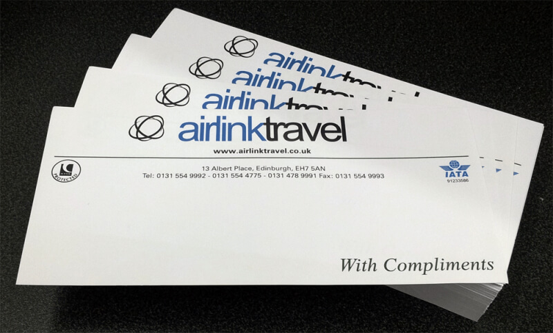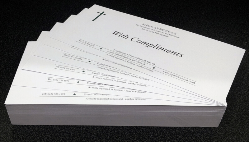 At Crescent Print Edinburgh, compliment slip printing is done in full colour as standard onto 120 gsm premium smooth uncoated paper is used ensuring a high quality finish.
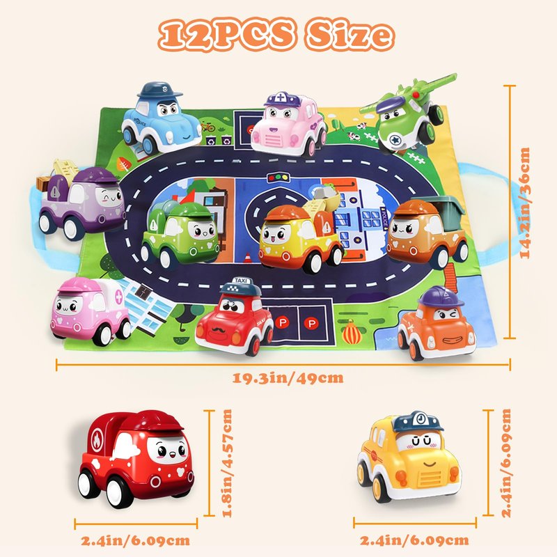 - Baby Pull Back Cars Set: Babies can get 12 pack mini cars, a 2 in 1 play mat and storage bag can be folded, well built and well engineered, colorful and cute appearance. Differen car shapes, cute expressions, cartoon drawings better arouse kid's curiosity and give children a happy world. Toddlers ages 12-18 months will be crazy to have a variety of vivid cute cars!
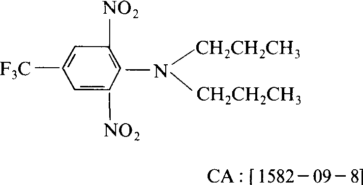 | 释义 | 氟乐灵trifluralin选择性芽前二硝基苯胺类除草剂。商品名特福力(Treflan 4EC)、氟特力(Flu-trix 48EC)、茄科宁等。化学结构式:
———
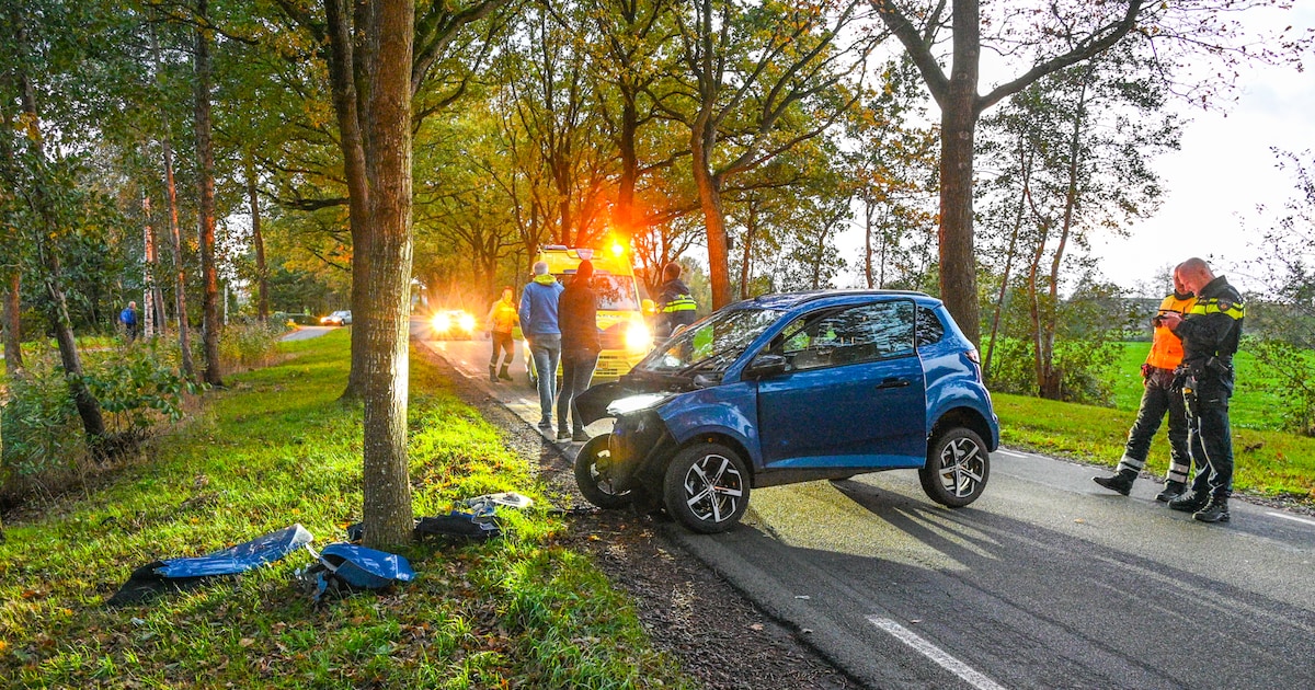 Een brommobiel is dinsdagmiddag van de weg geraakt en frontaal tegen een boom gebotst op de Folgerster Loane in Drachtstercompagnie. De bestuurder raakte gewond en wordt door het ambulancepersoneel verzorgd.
———
## [What is expected]
Copy back exactly the lines above from the one containing "- Baby Pull" through the one containing "释义 | 氟乐灵trifluralin选择性芽前二硝基苯胺类除草剂。商品名特福力(Treflan", and leave every picture behind.

## [Response box]
 - Baby Pull Back Cars Set: Babies can get 12 pack mini cars, a 2 in 1 play mat and storage bag can be folded, well built and well engineered, colorful and cute appearance. Differen car shapes, cute expressions, cartoon drawings better arouse kid's curiosity and give children a happy world. Toddlers ages 12-18 months will be crazy to have a variety of vivid cute cars!
 | 释义 | 氟乐灵trifluralin选择性芽前二硝基苯胺类除草剂。商品名特福力(Treflan 4EC)、氟特力(Flu-trix 48EC)、茄科宁等。化学结构式:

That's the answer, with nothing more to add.